Yilan County prosecutors on Friday charged a Taiwanese labor broker and two others with human trafficking for allegedly providing migrant fishers with forged documents and forcing them to work long hours with little pay.
A labor broker surnamed Huang (黃) allegedly used forged employment applications to contract 15 migrant workers since 2017, sending them to work in the local fishing industry, the Yilan District Prosecutors’ Office said in a statement.
In 2018, after allegedly reporting one of the workers as missing, Huang sent the person to work at a New Taipei City seafood distributor run by a man surnamed Chang (張) and a woman surnamed Tsai (蔡), who forced the person to work more than 10 hours per day without days off or overtime pay, prosecutors said.
Last year, Huang allegedly introduced another migrant worker to work for the couple aboard a fishing boat, prosecutors said.
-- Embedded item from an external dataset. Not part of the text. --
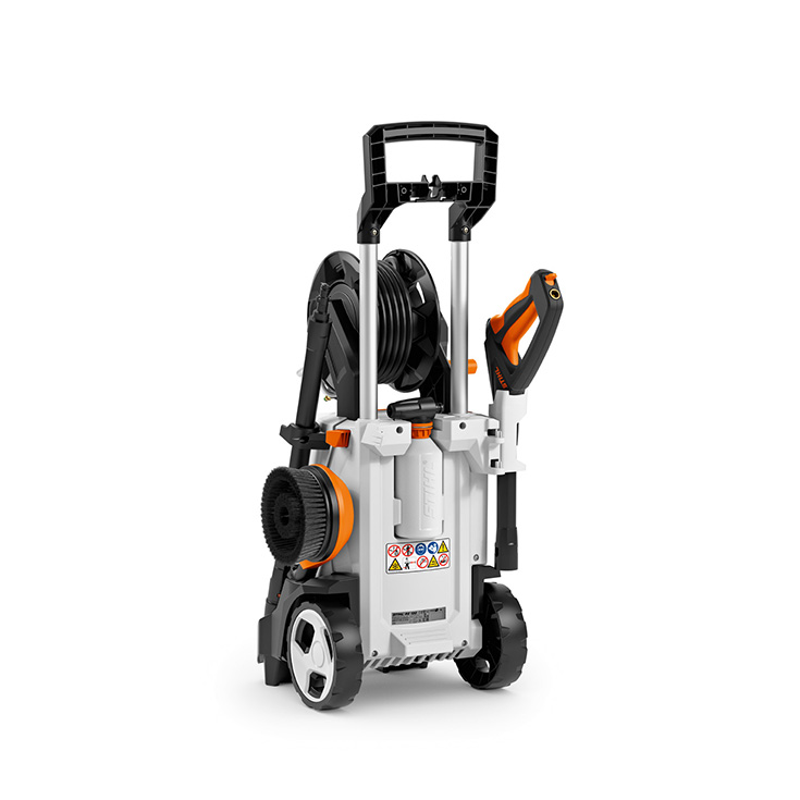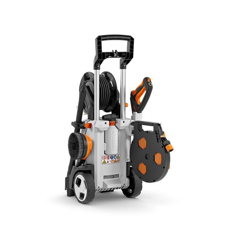 Pastrues i fuqishëm me presion të lartë (135-bar) për përdorim jashtëzakonisht të rehatshëm. I pajisur me mbështjellëse të tubit spërkatës me një udhëzues tubi që mundëson magazinim veçanërisht të drejtpërdrejtë dhe praktik të tubit me presion të lartë dhe tub presioni të fortë dhe rezistent prej 9 m, të përforcuar me çelik.

When the man allegedly lost a finger in an incident aboard the vessel, the couple sent him to work at their distribution company, again with long hours and little compensation, threatening him that he would face consequences if he reported the conditions to the Ministry of Labor, the prosecutors’ office said.
All three suspects have been charged under the Human Trafficking Prevention Act (人口販運防制法), while Huang was additionally charged with forgery and breaches of the Employment Service Act (就業服務法).
Taiwan employs about 700,000 migrant workers, mostly Southeast Asians, in a wide range of industries, including construction and manufacturing, as well as in homes as domestic care providers.
Many are not protected under the Labor Standards Act (勞動基準法).
Rights groups say that many migrant workers also owe significant debt to brokers in their country of origin and in Taiwan, which forces them into illegal work or to endure abusive treatment, for fear they would lose their job and be unable to repay the debt.